╭─ EXERCISE DATA
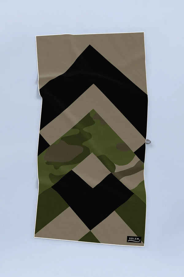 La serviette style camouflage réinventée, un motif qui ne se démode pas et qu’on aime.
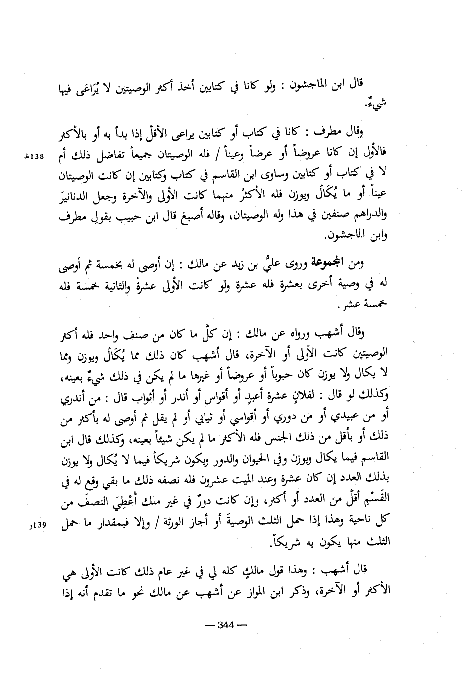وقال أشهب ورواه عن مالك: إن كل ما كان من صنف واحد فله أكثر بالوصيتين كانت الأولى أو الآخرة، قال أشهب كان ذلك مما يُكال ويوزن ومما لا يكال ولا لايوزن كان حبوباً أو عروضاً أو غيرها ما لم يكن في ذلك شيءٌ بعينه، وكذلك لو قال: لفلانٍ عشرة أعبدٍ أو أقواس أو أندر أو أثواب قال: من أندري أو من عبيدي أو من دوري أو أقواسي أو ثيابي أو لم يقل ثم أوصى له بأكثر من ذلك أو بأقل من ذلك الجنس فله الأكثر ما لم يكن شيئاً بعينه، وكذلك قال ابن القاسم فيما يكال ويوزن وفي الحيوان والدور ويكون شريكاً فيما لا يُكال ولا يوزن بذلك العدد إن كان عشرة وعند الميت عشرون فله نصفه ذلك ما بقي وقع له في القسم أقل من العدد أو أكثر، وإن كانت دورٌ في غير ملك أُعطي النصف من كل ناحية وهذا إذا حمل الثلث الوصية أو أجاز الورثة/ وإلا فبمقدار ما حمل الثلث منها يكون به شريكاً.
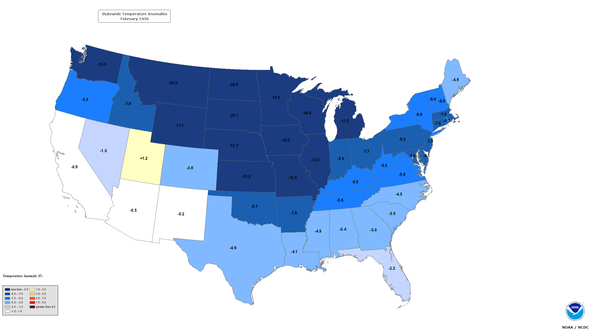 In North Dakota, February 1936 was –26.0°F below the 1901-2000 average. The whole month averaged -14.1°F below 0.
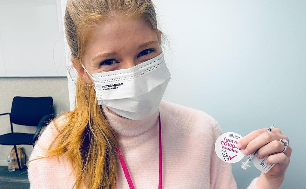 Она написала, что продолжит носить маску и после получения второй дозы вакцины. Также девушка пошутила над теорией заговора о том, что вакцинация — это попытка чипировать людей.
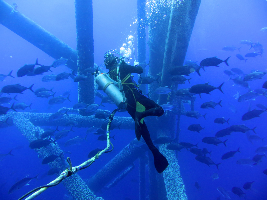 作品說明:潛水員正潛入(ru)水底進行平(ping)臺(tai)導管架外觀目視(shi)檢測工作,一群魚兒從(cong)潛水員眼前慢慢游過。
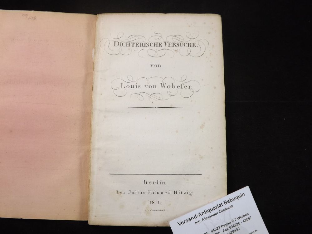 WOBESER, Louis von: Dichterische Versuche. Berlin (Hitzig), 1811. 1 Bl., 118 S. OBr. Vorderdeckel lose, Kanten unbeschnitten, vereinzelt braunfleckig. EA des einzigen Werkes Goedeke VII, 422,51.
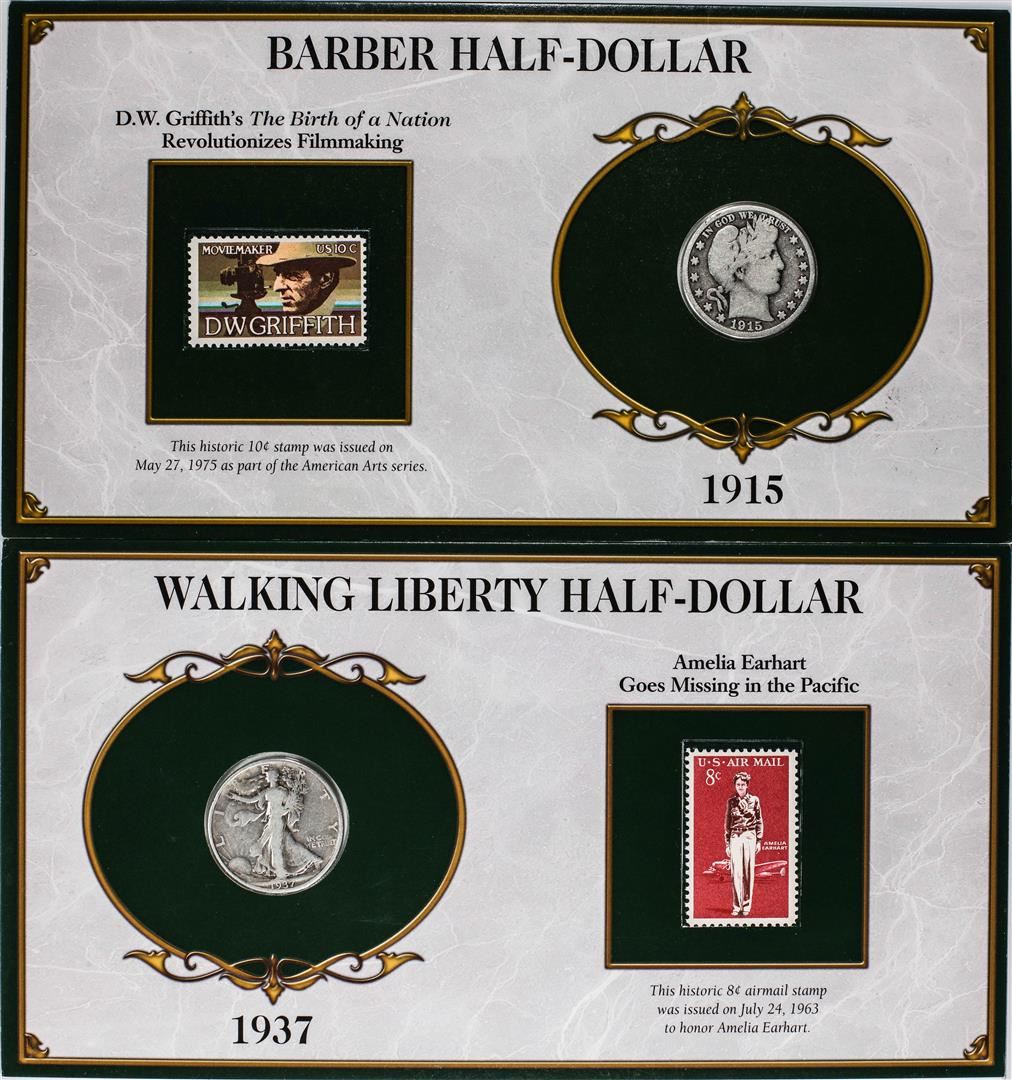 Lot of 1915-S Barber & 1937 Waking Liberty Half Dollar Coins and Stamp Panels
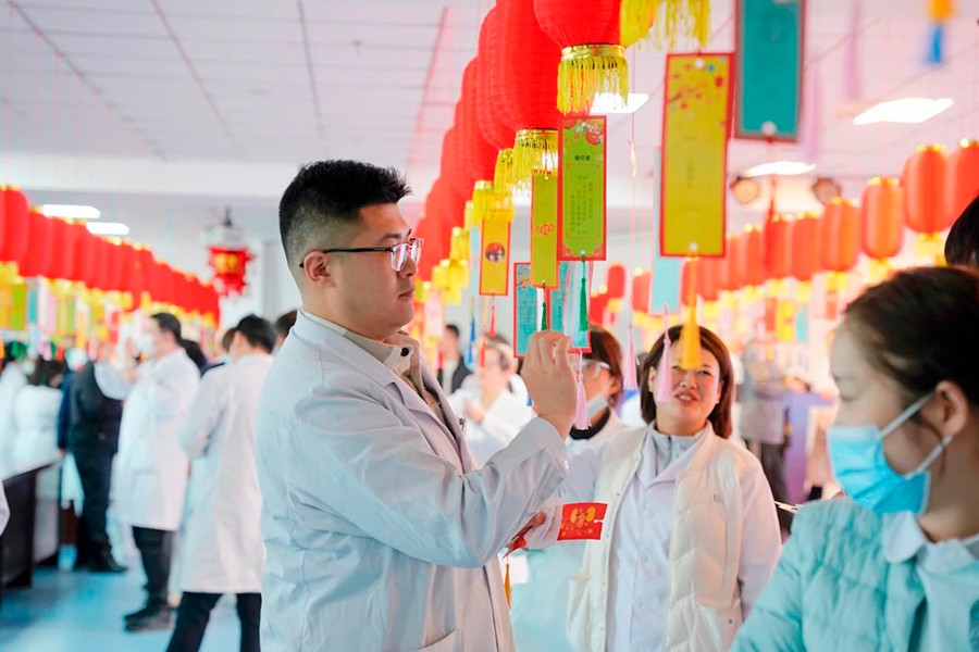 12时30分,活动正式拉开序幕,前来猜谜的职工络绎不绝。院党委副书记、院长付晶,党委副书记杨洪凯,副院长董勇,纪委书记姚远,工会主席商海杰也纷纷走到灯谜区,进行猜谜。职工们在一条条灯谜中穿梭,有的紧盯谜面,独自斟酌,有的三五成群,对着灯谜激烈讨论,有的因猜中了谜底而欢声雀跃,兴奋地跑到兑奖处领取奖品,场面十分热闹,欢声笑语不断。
╰─
# [EXERCISE DETAILS]
Please, without any pictures, print each entry exactly.

# [ANSWER SECTION]
 La serviette style camouflage réinventée, un motif qui ne se démode pas et qu’on aime.
وقال أشهب ورواه عن مالك: إن كل ما كان من صنف واحد فله أكثر بالوصيتين كانت الأولى أو الآخرة، قال أشهب كان ذلك مما يُكال ويوزن ومما لا يكال ولا لايوزن كان حبوباً أو عروضاً أو غيرها ما لم يكن في ذلك شيءٌ بعينه، وكذلك لو قال: لفلانٍ عشرة أعبدٍ أو أقواس أو أندر أو أثواب قال: من أندري أو من عبيدي أو من دوري أو أقواسي أو ثيابي أو لم يقل ثم أوصى له بأكثر من ذلك أو بأقل من ذلك الجنس فله الأكثر ما لم يكن شيئاً بعينه، وكذلك قال ابن القاسم فيما يكال ويوزن وفي الحيوان والدور ويكون شريكاً فيما لا يُكال ولا يوزن بذلك العدد إن كان عشرة وعند الميت عشرون فله نصفه ذلك ما بقي وقع له في القسم أقل من العدد أو أكثر، وإن كانت دورٌ في غير ملك أُعطي النصف من كل ناحية وهذا إذا حمل الثلث الوصية أو أجاز الورثة/ وإلا فبمقدار ما حمل الثلث منها يكون به شريكاً.
 In North Dakota, February 1936 was –26.0°F below the 1901-2000 average. The whole month averaged -14.1°F below 0.
 Она написала, что продолжит носить маску и после получения второй дозы вакцины. Также девушка пошутила над теорией заговора о том, что вакцинация — это попытка чипировать людей.
 作品說明:潛水員正潛入(ru)水底進行平(ping)臺(tai)導管架外觀目視(shi)檢測工作,一群魚兒從(cong)潛水員眼前慢慢游過。
 WOBESER, Louis von: Dichterische Versuche. Berlin (Hitzig), 1811. 1 Bl., 118 S. OBr. Vorderdeckel lose, Kanten unbeschnitten, vereinzelt braunfleckig. EA des einzigen Werkes Goedeke VII, 422,51.
 Lot of 1915-S Barber & 1937 Waking Liberty Half Dollar Coins and Stamp Panels
 12时30分,活动正式拉开序幕,前来猜谜的职工络绎不绝。院党委副书记、院长付晶,党委副书记杨洪凯,副院长董勇,纪委书记姚远,工会主席商海杰也纷纷走到灯谜区,进行猜谜。职工们在一条条灯谜中穿梭,有的紧盯谜面,独自斟酌,有的三五成群,对着灯谜激烈讨论,有的因猜中了谜底而欢声雀跃,兴奋地跑到兑奖处领取奖品,场面十分热闹,欢声笑语不断。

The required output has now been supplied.